● THE TASK: Wherever an image appears in the data, omit it and copy all the remaining text word for word.

● SOURCE MATERIAL:
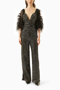 Nite Black Color Jumpsuit With Hand Applique Faux Leather Laser Cut Detail, Sleeves Are Highlighted With Bugle Beads, Feathers & Sequin.
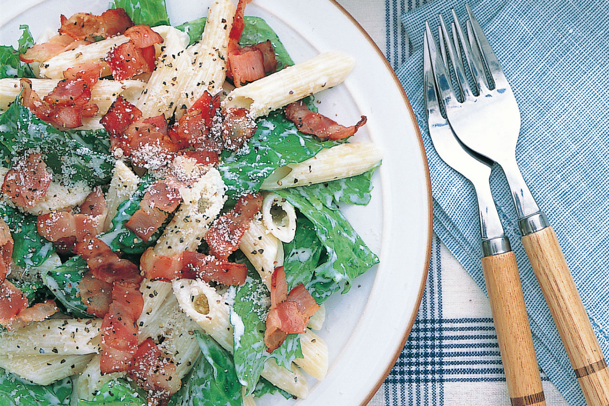 ペンネが冷めたら、ロメインレタス、ベーコン、Aの残りを加えて混ぜ合わせ、粉チーズをふる。
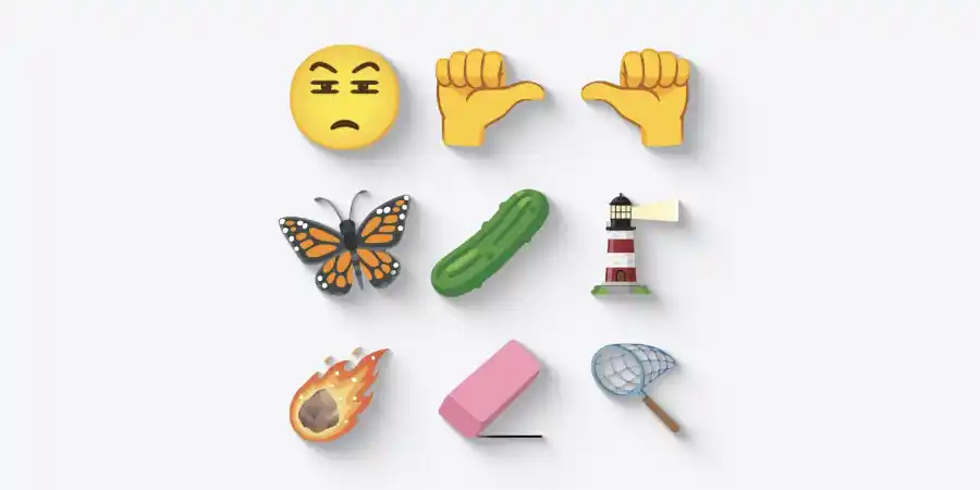 Tra le novità di iOS 27 spiccano un cetriolino molto richiesto, una farfalla monarca e una faccina che sembra non fidarsi troppo di quello che ha appena letto.

● ANSWER TO THE PROBLEM:
 Nite Black Color Jumpsuit With Hand Applique Faux Leather Laser Cut Detail, Sleeves Are Highlighted With Bugle Beads, Feathers & Sequin.
 ペンネが冷めたら、ロメインレタス、ベーコン、Aの残りを加えて混ぜ合わせ、粉チーズをふる。
 Tra le novità di iOS 27 spiccano un cetriolino molto richiesto, una farfalla monarca e una faccina che sembra non fidarsi troppo di quello che ha appena letto.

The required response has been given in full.